## Provided data
◇ ◇ ◇ ◇ ◇

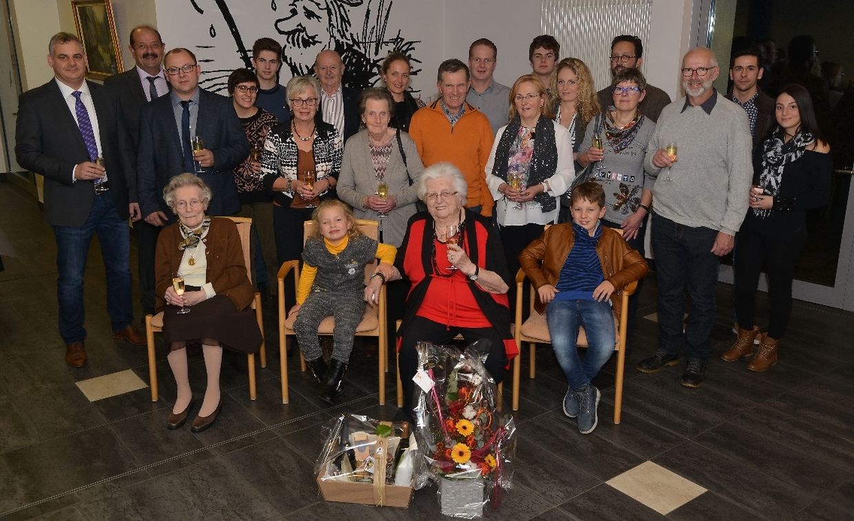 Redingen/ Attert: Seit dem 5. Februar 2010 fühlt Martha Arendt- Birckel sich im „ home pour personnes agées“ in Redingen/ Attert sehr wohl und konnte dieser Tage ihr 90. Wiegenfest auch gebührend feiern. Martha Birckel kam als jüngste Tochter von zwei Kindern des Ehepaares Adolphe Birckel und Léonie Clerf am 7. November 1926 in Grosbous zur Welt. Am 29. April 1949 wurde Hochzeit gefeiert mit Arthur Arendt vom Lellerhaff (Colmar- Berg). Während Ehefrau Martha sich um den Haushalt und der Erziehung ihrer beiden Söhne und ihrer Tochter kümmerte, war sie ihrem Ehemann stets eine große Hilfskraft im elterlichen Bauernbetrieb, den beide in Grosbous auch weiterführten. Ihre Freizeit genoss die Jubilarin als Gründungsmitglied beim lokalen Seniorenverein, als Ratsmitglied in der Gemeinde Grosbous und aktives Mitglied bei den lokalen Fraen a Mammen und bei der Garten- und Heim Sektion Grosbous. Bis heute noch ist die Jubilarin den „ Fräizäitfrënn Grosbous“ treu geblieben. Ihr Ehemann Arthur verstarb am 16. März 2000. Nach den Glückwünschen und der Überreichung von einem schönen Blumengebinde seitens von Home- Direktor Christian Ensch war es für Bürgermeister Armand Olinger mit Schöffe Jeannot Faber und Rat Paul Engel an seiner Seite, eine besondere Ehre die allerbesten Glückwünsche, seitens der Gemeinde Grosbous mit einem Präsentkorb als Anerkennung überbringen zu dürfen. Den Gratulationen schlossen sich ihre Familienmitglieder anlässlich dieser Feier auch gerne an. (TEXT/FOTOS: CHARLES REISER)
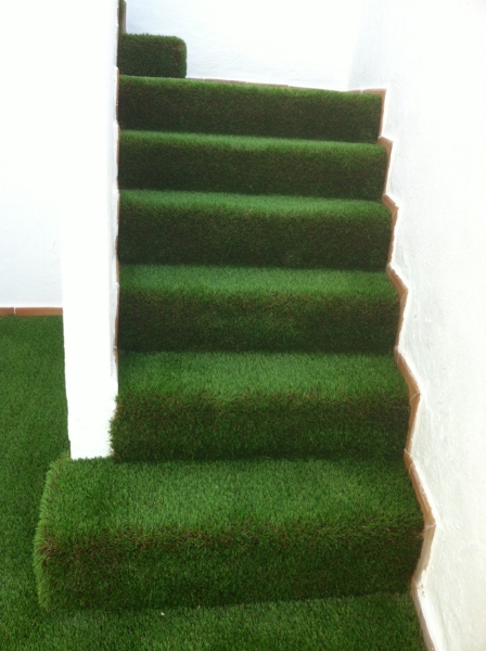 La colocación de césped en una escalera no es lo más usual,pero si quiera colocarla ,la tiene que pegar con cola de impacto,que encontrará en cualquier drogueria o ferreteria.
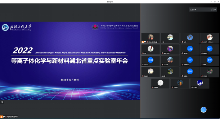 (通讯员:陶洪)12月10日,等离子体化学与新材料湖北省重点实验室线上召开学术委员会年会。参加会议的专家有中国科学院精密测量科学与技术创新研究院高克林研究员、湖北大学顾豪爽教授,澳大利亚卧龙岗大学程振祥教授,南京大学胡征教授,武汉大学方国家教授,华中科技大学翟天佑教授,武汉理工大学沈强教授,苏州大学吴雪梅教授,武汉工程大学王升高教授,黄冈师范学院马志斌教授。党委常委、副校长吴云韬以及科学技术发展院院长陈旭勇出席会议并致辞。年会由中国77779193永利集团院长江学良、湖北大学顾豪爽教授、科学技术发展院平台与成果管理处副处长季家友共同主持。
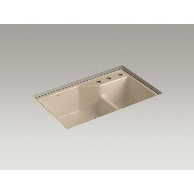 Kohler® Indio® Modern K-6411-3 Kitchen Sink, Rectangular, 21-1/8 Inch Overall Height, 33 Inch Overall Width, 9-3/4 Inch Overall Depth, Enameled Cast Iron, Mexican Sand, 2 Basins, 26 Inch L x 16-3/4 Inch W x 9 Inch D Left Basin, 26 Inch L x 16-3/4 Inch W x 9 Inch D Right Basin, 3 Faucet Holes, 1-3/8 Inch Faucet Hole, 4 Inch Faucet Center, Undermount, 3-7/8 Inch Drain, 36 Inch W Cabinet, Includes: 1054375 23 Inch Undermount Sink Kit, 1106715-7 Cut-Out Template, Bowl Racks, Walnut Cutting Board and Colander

◇ ◇ ◇ ◇ ◇

## Exercise requirements
Starting with the first line of the material, print each line exactly until you have printed the line with "(通讯员:陶洪)12月10日", and skip the pictures.

## Exercise result
 Redingen/ Attert: Seit dem 5. Februar 2010 fühlt Martha Arendt- Birckel sich im „ home pour personnes agées“ in Redingen/ Attert sehr wohl und konnte dieser Tage ihr 90. Wiegenfest auch gebührend feiern. Martha Birckel kam als jüngste Tochter von zwei Kindern des Ehepaares Adolphe Birckel und Léonie Clerf am 7. November 1926 in Grosbous zur Welt. Am 29. April 1949 wurde Hochzeit gefeiert mit Arthur Arendt vom Lellerhaff (Colmar- Berg). Während Ehefrau Martha sich um den Haushalt und der Erziehung ihrer beiden Söhne und ihrer Tochter kümmerte, war sie ihrem Ehemann stets eine große Hilfskraft im elterlichen Bauernbetrieb, den beide in Grosbous auch weiterführten. Ihre Freizeit genoss die Jubilarin als Gründungsmitglied beim lokalen Seniorenverein, als Ratsmitglied in der Gemeinde Grosbous und aktives Mitglied bei den lokalen Fraen a Mammen und bei der Garten- und Heim Sektion Grosbous. Bis heute noch ist die Jubilarin den „ Fräizäitfrënn Grosbous“ treu geblieben. Ihr Ehemann Arthur verstarb am 16. März 2000. Nach den Glückwünschen und der Überreichung von einem schönen Blumengebinde seitens von Home- Direktor Christian Ensch war es für Bürgermeister Armand Olinger mit Schöffe Jeannot Faber und Rat Paul Engel an seiner Seite, eine besondere Ehre die allerbesten Glückwünsche, seitens der Gemeinde Grosbous mit einem Präsentkorb als Anerkennung überbringen zu dürfen. Den Gratulationen schlossen sich ihre Familienmitglieder anlässlich dieser Feier auch gerne an. (TEXT/FOTOS: CHARLES REISER)
 La colocación de césped en una escalera no es lo más usual,pero si quiera colocarla ,la tiene que pegar con cola de impacto,que encontrará en cualquier drogueria o ferreteria.
 (通讯员:陶洪)12月10日,等离子体化学与新材料湖北省重点实验室线上召开学术委员会年会。参加会议的专家有中国科学院精密测量科学与技术创新研究院高克林研究员、湖北大学顾豪爽教授,澳大利亚卧龙岗大学程振祥教授,南京大学胡征教授,武汉大学方国家教授,华中科技大学翟天佑教授,武汉理工大学沈强教授,苏州大学吴雪梅教授,武汉工程大学王升高教授,黄冈师范学院马志斌教授。党委常委、副校长吴云韬以及科学技术发展院院长陈旭勇出席会议并致辞。年会由中国77779193永利集团院长江学良、湖北大学顾豪爽教授、科学技术发展院平台与成果管理处副处长季家友共同主持。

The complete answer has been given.